A 9-week US multicenter, randomized, open-label, crossover study designed to assess patient preference, convenience, and overall expected compliance with once-weekly alendronate and with once-daily alendronate.

A total of 279 treatment-naive, postmenopausal women with osteoporosis were randomized in a 1:1 ratio to receive either alendronate 10 mg once daily or alendronate 70 mg once weekly for study weeks 1 through 4. After study week 4, there was an off-drug interval (week 5), following which patients were crossed over to receive the other dosage form for study weeks 6 through 9. Following completion of the study (week 9), subject outcomes were determined by a questionnaire that quantified whether alendronate weekly or daily is preferred, which treatment is considered the more convenient, and which treatment would provide greater overall long-term compliance.

Pols HAP, Felsenberg D, Hanley DA et al, for the Fosamax International Trial Study Group. Multinational, placebo-controlled, randomized trial of the effects of alendronate on bone density and fracture risk in postmenopausal women with low bone mass: Results of the FOSIT study. Osteoporos Int 1999;9(5):461-468.

A multinational, multicenter, randomized, doublemasked, placebo-controlled study. The study objective was to evaluate the efficacy and tolerability of alendronate in a large and diverse multinational population of postmenopausal women with low bone mass.
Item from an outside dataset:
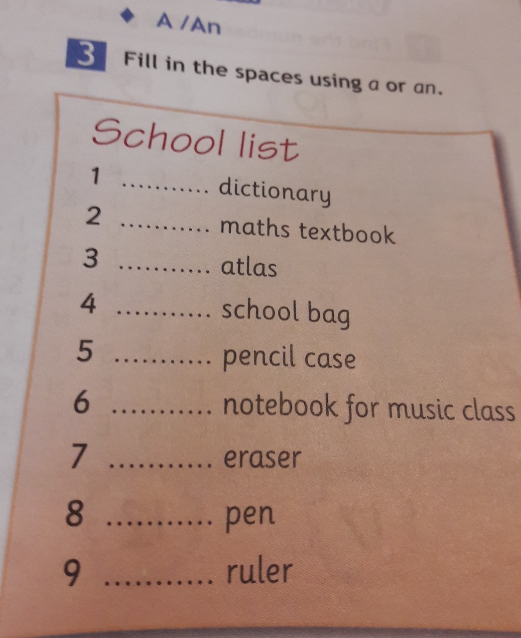 1. a 2.a3,an 4.a 5.a 6.a 7.an 8.a 9.a

Following a 2- to 4-week baseline period, 1908 women, aged 39 to 84 years, were randomized to receive either alendronate 10 mg (n=950) or placebo (n=958) once daily for 12 months. All participants had been postmenopausal for at least 3 years and had a lumbar spine BMD T-score of at least 2 SD below the mean for mature, premenopausal women. Bone densitometry was performed at baseline and at months 3, 6, and 12. BMD was measured using Hologic QDR or Lunar DPX densitometers at the lumbar spine (primary endpoint), femoral neck, trochanter, and total hip. The occurrence of clinical fractures was captured as adverse events. An electrocardiogram and complete physical were performed at screening and at 12 months. Limited physical exams were performed at subsequent visits, and clinical laboratory tests were performed at each visit.

Baseline BMD:

• Using Hologic QDR densitometers, the mean lumbar spine BMD was
  0.72 g/cm² (SD=0.08) in both the alendronate and placebo groups.
• Using Lunar DPX densitometers, the mean lumbar spine BMD was
  0.84 g/cm² (SD=0.08) in the alendronate group and 0.83 g/cm² (SD=0.09) in the placebo group.

Yates AJ, Rodan GA. Alendronate and osteoporosis. DDT 1998;3(2):69-78.

A review of the alendronate development program, including pharmacological properties, mode of action information, and preclinical safety and efficacy data. Phase III clinical studies that demonstrated effect on bone density and fracture risk reduction were also reviewed.